Durant les années 1960, Jean Vénitien participa à divers salons et expositions collectives. Il fit de nombreux portraits, notamment celui du Docteur Pierre Osenat... Ce dernier fut un ami très proche de Jean Vénitien. En 1969, Jean Vénitien illustra un recueil de poésie de ce médecin-écrivain. Dans les années 1980, Pierre Osenat écrivit plusieurs ouvrages sur le peintre. À cette époque, Jean Vénitien peignit aussi le Vercors, la vallée de l’Isère, le village de Saint-Antoine où il possédait une habitation où encore Arcachon et les bords de Seine. À partir de 1964, Jean Vénitien exposa régulièrement aux États-Unis. L’Amérique voyait Vénitien comme un peintre représentatif de l’art français. On doit à son amie Françoise Eric, directrice des Eric galleries de New York d’avoir introduit cet artiste chez les collectionneurs et dans les musées américains.
En juin 1966, une exposition personnelle fut organisée à la Galerie Durand-Ruel à Paris.
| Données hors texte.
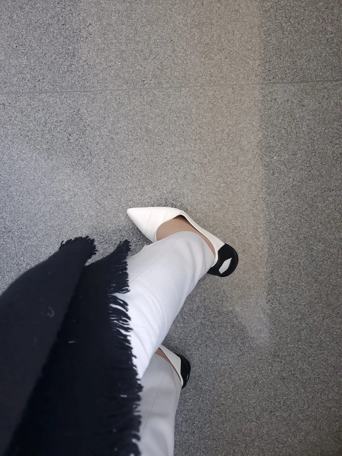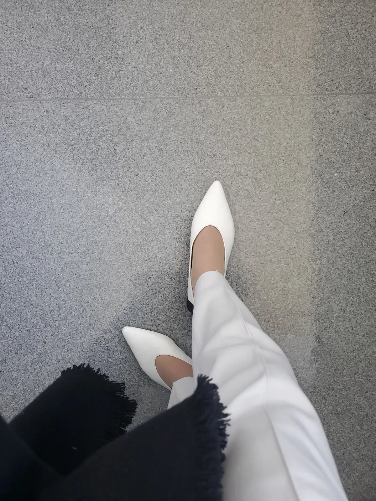フラットシューズでもクラシックなデザインなので、オフィスにも活躍中。

À la fin des années 1960 puis dans les années 1980, il fut professeur à l’école des Beaux-Arts de Paris où il donnait notamment des conférences sur la loi du nombre d’or.
Une exposition rétrospective Jean Vénitien eut lieu du 10/05/2014 au 01/06/2014 au Centre d’art contemporain Prieuré Saint-Saturnin de Chevreuse.

Pour citer cet article :
https://maitron.fr/spip.php?article180029, notice VÉNITIEN Jean [VÉNITIEN Jean, Louis, Léon] par Anysia L’Hotellier, version mise en ligne le 23 avril 2016, dernière modification le 21 mai 2016.

Par Anysia L’Hotellier

SOURCES : Pierre Osenat, Jean Vénitien vu par le poète Pierre Osenat, Béziers, 1984, [77] p. — Pierre Osenat, Vision sur un peintre, 1984 — « Vénitien, un personnage haut en couleurs », dans Mémoire de Chevreuse, bulletin n°12, association La mémoire de la ville et de la cathédrale de Chevreuse, 2014, pp. 7 à 9 — Archives du Parti Communiste Français, dossier Jean Vénitien — Archives nationales (Ecole nationale des Arts décoratifs : AJ/53/140 ; Ecole nationale des Beaux-arts : AJ/52/1203 ; commandes et achats d’œuvres d’art par l’Etat : F21/6858, 6948, 7024/B, — — Entretiens avec Paule et Jean-Claude Domenech, amis et fondateurs du Cercle des amis de Jean Vénitien (mars 2016).
OEUVRE : Principales institutions conservant les œuvres de Jean Vénitien : Musée national d’art moderne – Centre Georges Pompidou, Musée d’art moderne de la ville de Paris, Musée d’Alger, Musée du Caire, Musée de Bucarest, Musée de Moscou, University of Virginia Art Museum (Charlottesville, Etats-Unis), collections particulières en Europe et aux Etats-Unis.